SILVER-GREENBERG: No. I think there was actually - what was notable is that even despite, you know, this $2 billion trading loss that could reach upwards of $5 billion when all is said and done, he really has not changed his tone. ...NPR
For all that, the Senate -- at least the Republican senators -- didn't get much satisfaction out of the encounter, according to Dana Milbank.
Republicans found the head of the country’s largest bank to be alarmingly off-message.
Dimon had little interest in joining Republicans in complaining that President Obama’s regulations destroyed capitalism as they knew it. In fact, he even had some kind words for the Dodd-Frank financial reforms. And the banker’s most passionate plea to the lawmakers was one that Republicans most emphatically don’t want to hear: Enact the Simpson-Bowles debt proposal, a package of spending cuts and — gulp — increased tax revenue that was largely scuttled by House Republicans.
“If we had done something remotely like Simpson-Bowles,” Dimon said in response to Sen. Michael Bennet (D-Colo.) at the end of the hearing, “you would have increased confidence in America. You would have shown a real fix of the long-term fiscal problem. I think you would have had . . . a more effective tax system that is conducive to economic growth.”
In fact, he said, not enacting such a plan “helped cause a downturn last year.” ...Milbank, WaPo
Truth be told, it's the Republicans who are (as usual) deeply into the porn of the encounter. See the shivers running down this Republican senator's spine.
... Who could keep pace with Sen.

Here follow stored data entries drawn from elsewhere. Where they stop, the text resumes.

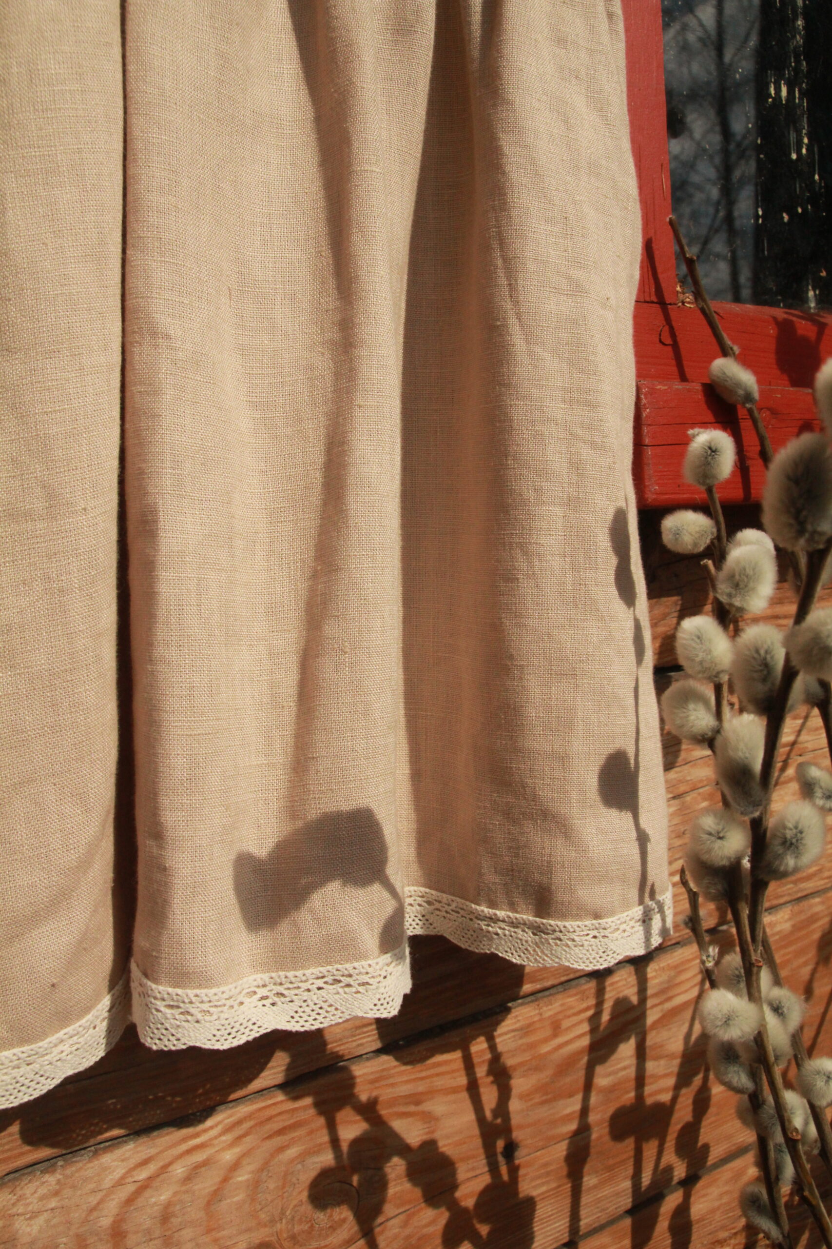 Sukienka jest wykonana ze 100% lnu o gramaturze 200g/m2.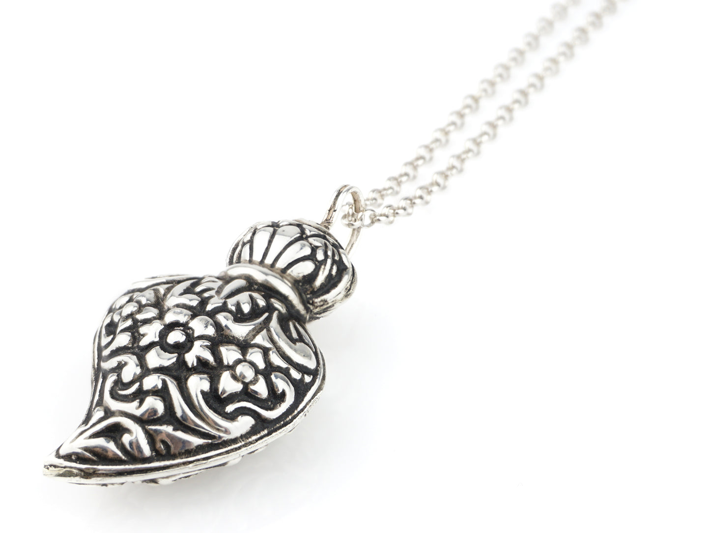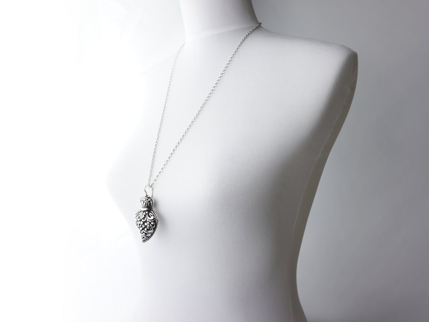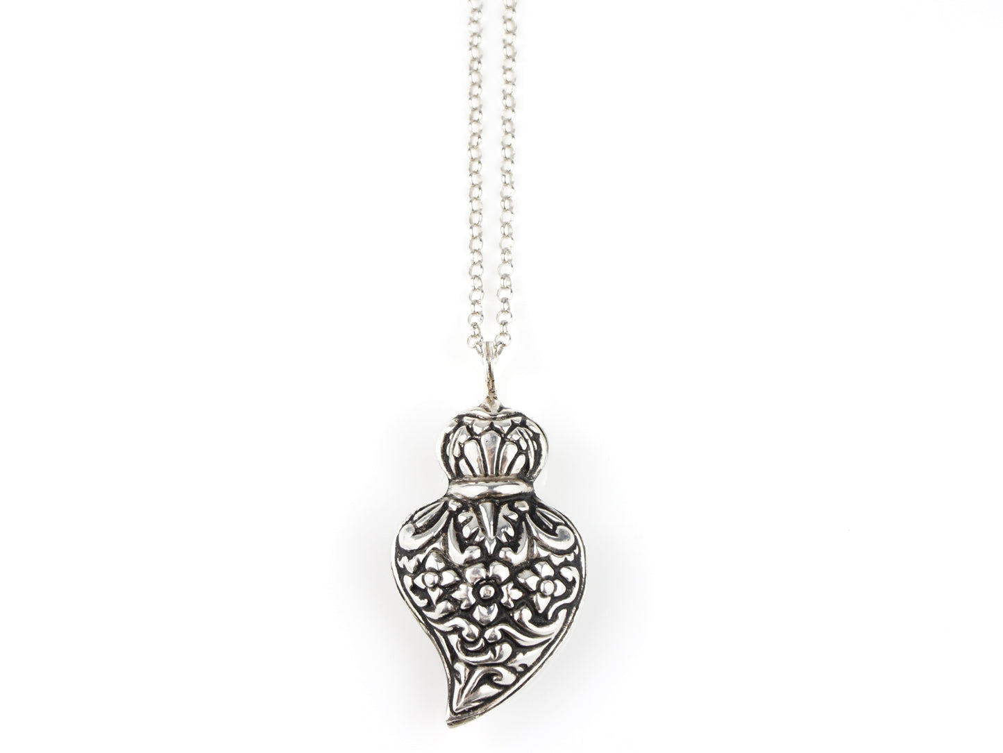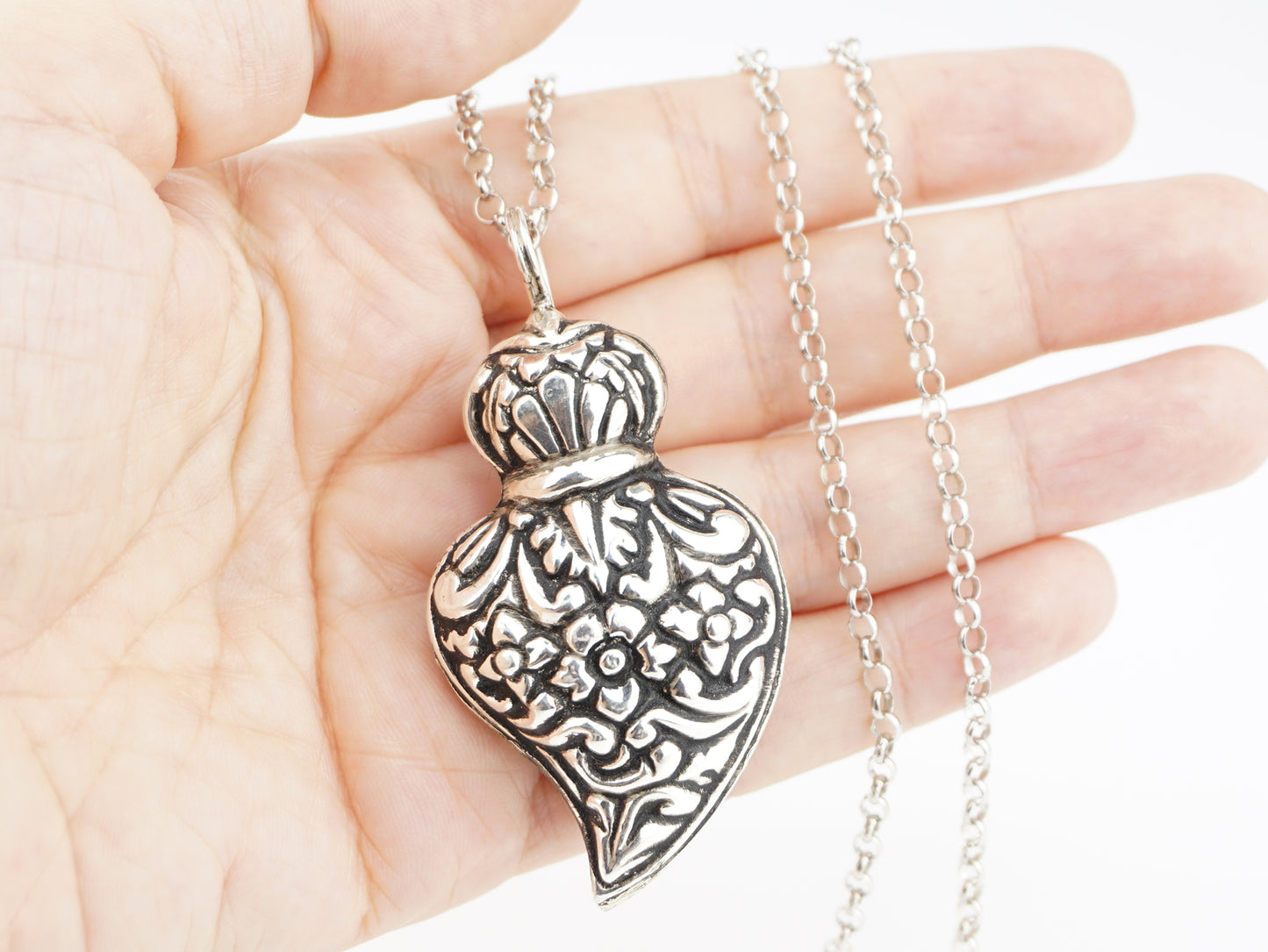 Elegante Cordão Fino comprido com Medalha Barroca Coração Grande, oca de dupla face, feito à mão em Portugal por talentosos artesãos, em Prata de Lei 925 com acabamento "patine".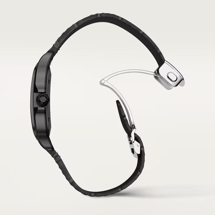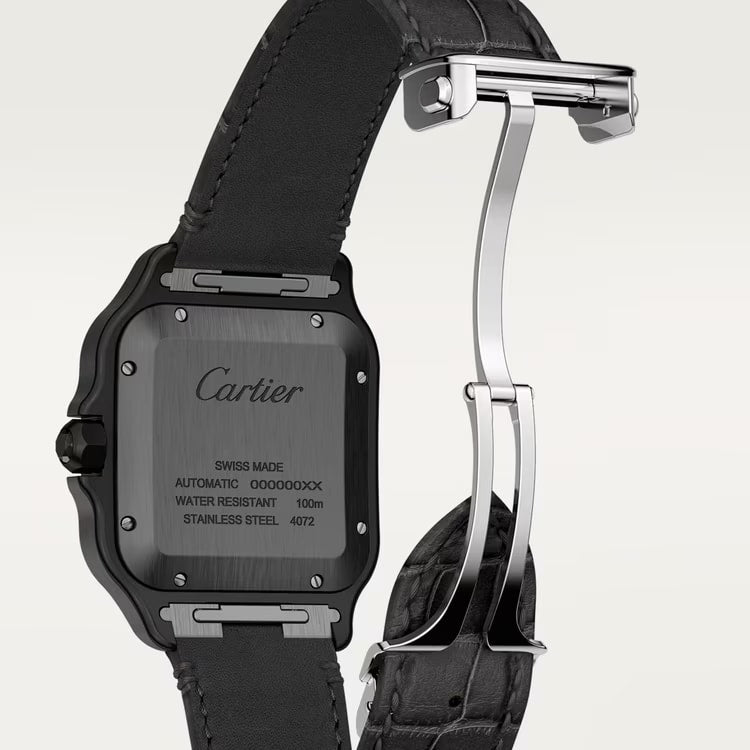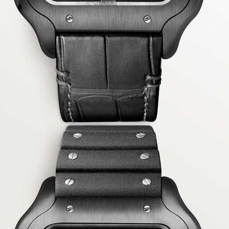 Santos de Cartier Large Black Steel Interchangeable Leather Strap Black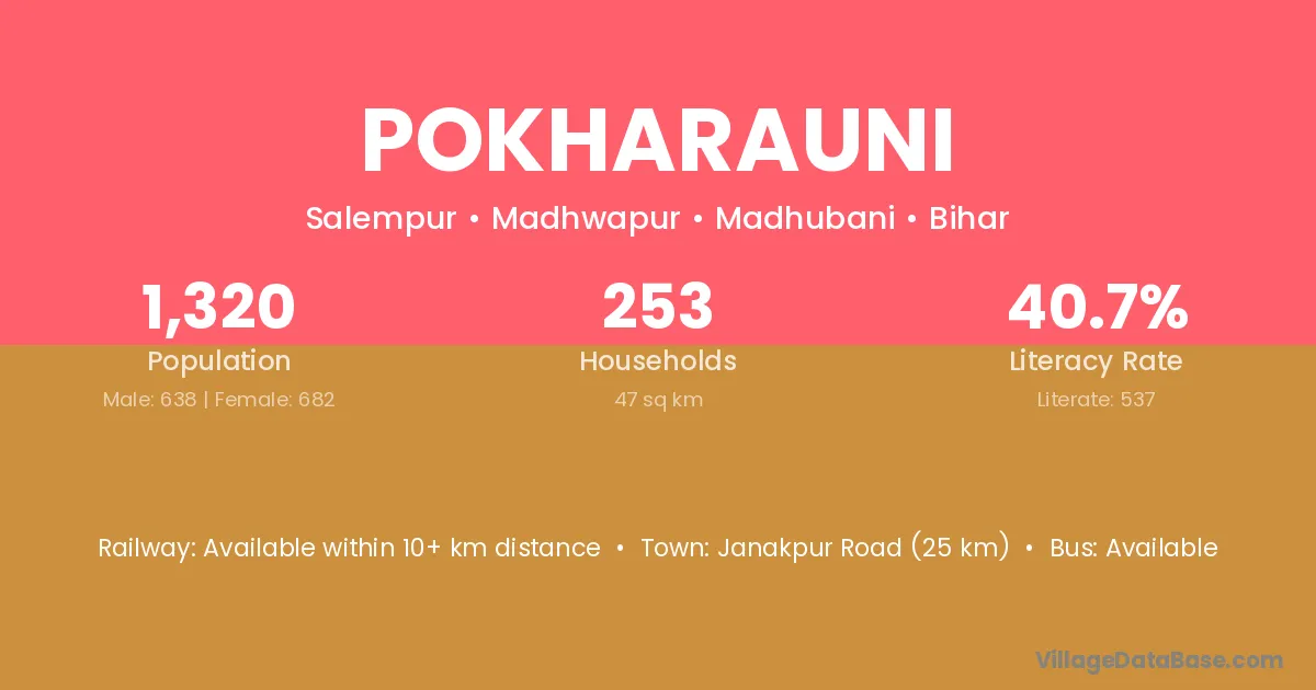 Pokharauni village has a total population of 1,320 people, of which 638 are males and 682 are females.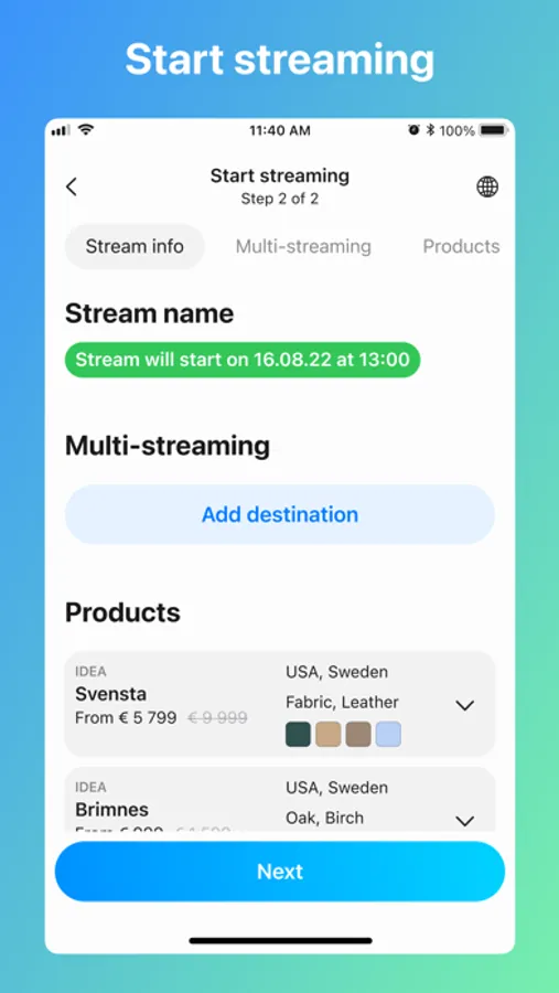 Need to make new sales channels in retail? Give this app to your sales managers or sales consultant, let them stream from anywhere with your goods.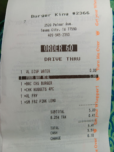 Read moreDrive thru never very crowded. Cheeseburger VERY good & French fries absolutely delicious! We go quite often & had to laugh at this experience. At first the order mic must've been turned down. We couldn't hear him & kept yelling our order & trying to explain our meal....2 Cheese Whoppers. One is free with coupon plus 1 French fries. Got to window & finally understood we had to order a drink too, to get the free Whopper. Ok, no problem. What we ended up with - 2 cheese Whoppers, 2 drinks & 2 large fries & 1 small fries. DUH?? After all the "back & forth" trying to explain, we just left & enjoyed our meals at home! ...

Jim DeMint (R-S.C.), who said, “We can hardly sit in judgment of your losing $2 billion”? The apparently awestruck senator stammered: “I — I — I think we do need to recognize that you are a very big bank, the biggest in the world.”
Despite all the affirmations of how very big and large and huge and great and powerful Dimon is, he declined to join their all-out assault on the Wall Street reforms. ...Milbank, WaPo
Republicans tried to get a little special love from Dimon and ...failed.